I thought some people would from historical interest be interested in Byrn's (author of Complete Practical Distiller, a circa-1870 book published in Philadelphia, PA) other expedients to emulate the color of whiskey aged in wood barrels. He states you can use a "pint of parched wheat" and add that to a "barrel of whiskey", which he says gives a good color and improves the flavor.
If you have some Wheaties around, give them 30 minutes in the oven and add to a bottle of Georgia Moon, maybe it will taste like fine aged bourbon.
Second, he suggests adding oak bark shavings. I know some winemakers add oak chips to wines to impart an oaky or toasted taste, so this idea seems somewhat more "conventional".

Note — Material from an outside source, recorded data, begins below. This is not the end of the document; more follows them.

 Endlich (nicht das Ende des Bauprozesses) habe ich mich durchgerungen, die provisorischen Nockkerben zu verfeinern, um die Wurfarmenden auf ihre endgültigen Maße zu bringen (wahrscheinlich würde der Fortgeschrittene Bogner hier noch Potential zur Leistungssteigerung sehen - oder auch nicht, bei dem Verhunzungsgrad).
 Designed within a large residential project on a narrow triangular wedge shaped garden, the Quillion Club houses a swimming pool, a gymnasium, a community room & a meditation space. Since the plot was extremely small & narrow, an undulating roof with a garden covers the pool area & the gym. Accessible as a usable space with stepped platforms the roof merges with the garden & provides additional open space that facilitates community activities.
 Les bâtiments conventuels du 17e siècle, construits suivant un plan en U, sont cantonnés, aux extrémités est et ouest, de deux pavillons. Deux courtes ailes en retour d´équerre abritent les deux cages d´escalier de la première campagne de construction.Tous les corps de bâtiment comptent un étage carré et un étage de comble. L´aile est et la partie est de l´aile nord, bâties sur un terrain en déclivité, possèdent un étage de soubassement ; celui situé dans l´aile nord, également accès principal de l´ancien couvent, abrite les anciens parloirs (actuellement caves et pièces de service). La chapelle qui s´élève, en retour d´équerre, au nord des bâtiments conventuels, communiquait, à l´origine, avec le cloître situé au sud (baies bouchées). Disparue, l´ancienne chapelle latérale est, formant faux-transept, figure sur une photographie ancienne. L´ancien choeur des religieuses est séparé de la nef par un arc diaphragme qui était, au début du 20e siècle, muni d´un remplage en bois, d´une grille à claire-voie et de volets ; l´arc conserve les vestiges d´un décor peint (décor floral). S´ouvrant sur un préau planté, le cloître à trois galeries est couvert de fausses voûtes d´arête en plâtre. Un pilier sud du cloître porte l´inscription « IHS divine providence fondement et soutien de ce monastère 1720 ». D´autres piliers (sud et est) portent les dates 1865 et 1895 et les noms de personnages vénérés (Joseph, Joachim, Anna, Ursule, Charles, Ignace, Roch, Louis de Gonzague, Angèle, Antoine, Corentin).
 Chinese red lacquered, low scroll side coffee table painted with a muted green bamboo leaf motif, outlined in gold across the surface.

Byrn has all kinds of ideas, e.g., contrary to the thinking today, he considers that liquor improves when stored in impermeable containers (whether glass or barrels specially sealed for the purpose). He advises to seal up barrels from the outside with an oil-based coating and then with pitch. He seems mainly concerned to avoid the economic cost of outage rather than to improve quality although he states clearly that spirits improve in containers impermeable to air, which seems rather startling today. Perhaps not everyone was convinced that long barrel aging was a good thing even some 40 years or so after it became the norm for fine bourbon and other quality spirits.
Byrn seems to contradict himself in that in another part of the book he advises to use temperature cycling for spirits in barrel to emulate long barrel aging. In his example, the spirits are kept in the artificially heated room for only a few weeks. He claims this can equal aging for a year or more. He states though that outage is the same either way.

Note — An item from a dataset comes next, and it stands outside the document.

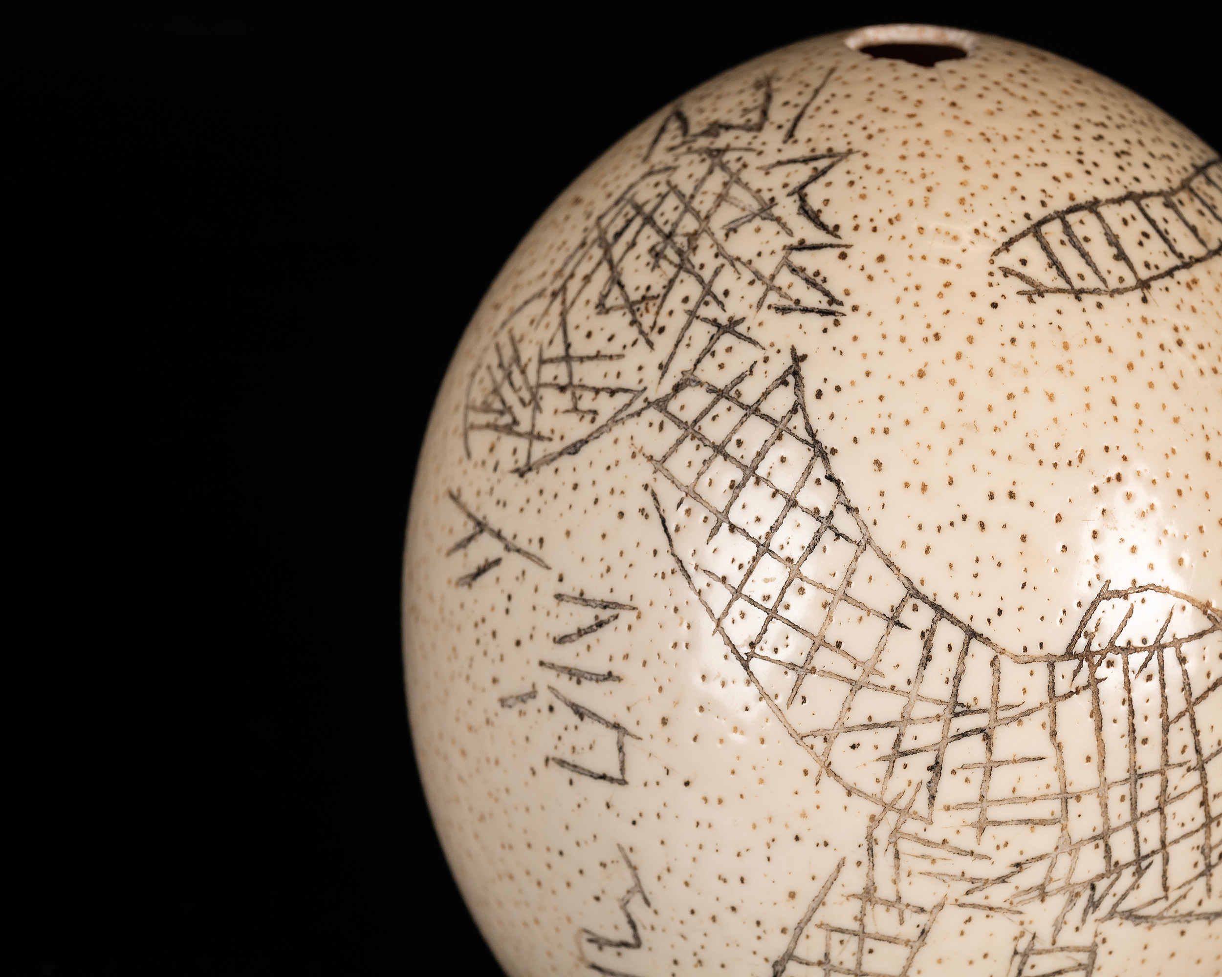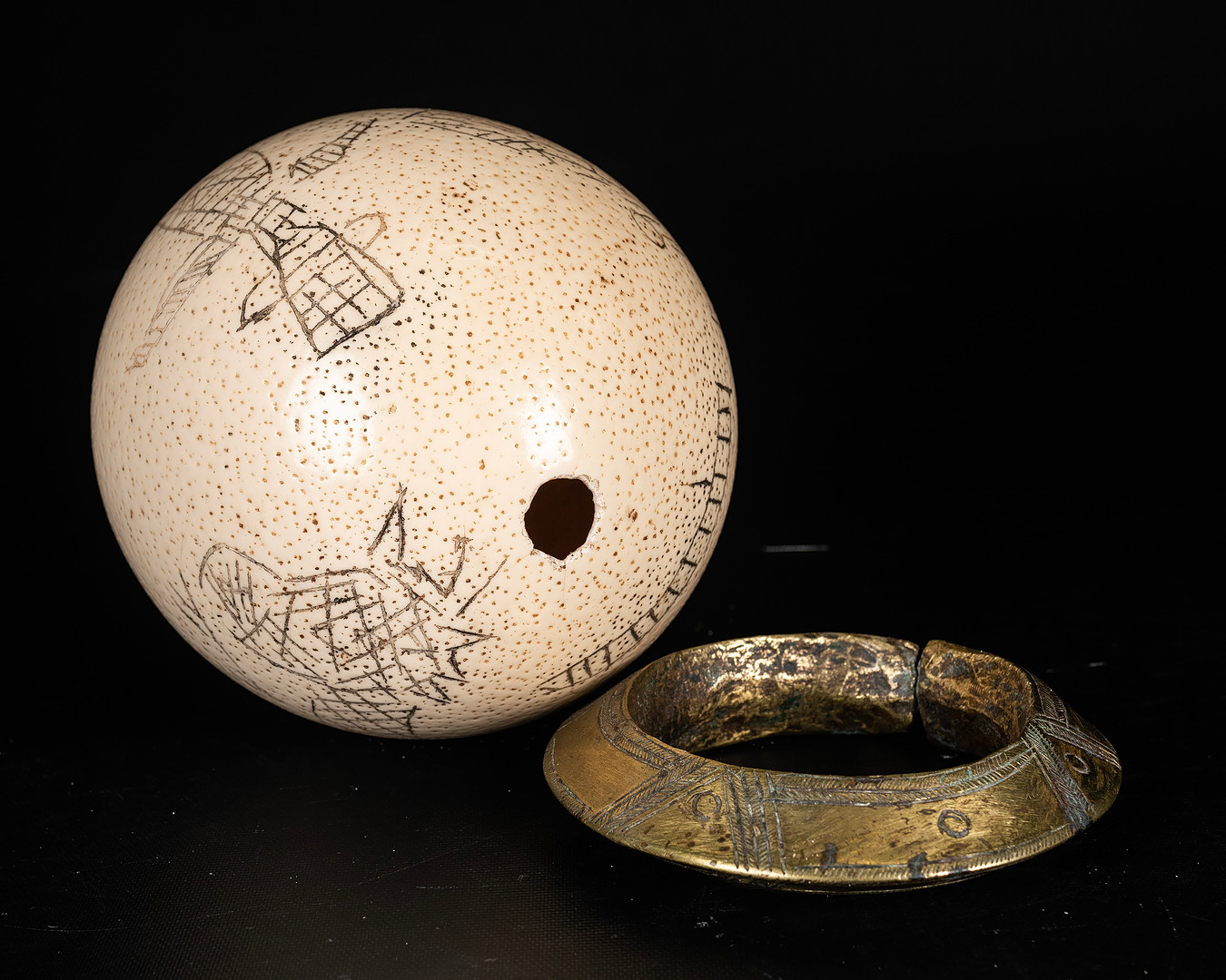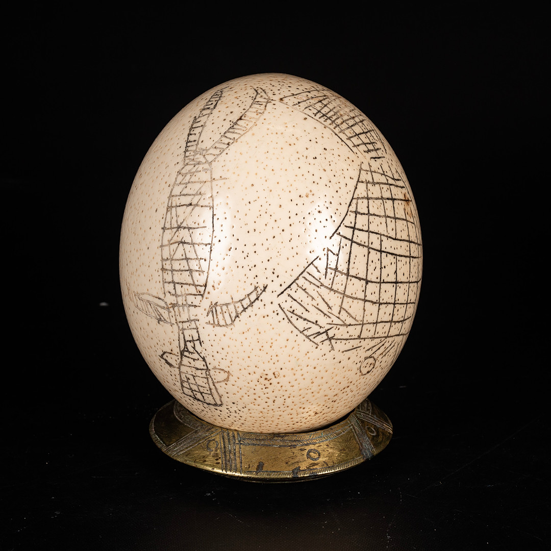 2632500. VERZIERTES STRAUSSENEI mit Messingständer.

I have the sense of someone who was a busy man in professional life and who only turned to the book when he had a few spare moments, so sometimes it seems repetitive or contradictory.
Still, it is a valuable resource to try to understand what whiskey was like in the mid-19th ecntury. He never uses the term bourbon for example although he does refer to whiskey made from "Indian corn". It seems at the time that the benefits of aging (as the discussion above shows) were understood but that whiskey, when it was aged, would not have undergone more than a year or so of storage and often was sold new, hence the many rectification techniques he describes. These include multiple distillation, dosing with fruity additives, charcoal and wool blanket filtrations of various types, chemical treatments of various kinds and simple "dulcification" (adding sugar).
There must have been numerous books of this kind written at the time sitting in libraries still and if one could read them all I am sure it would give a better picture of what bourbon and rye were like in the mid-1800's.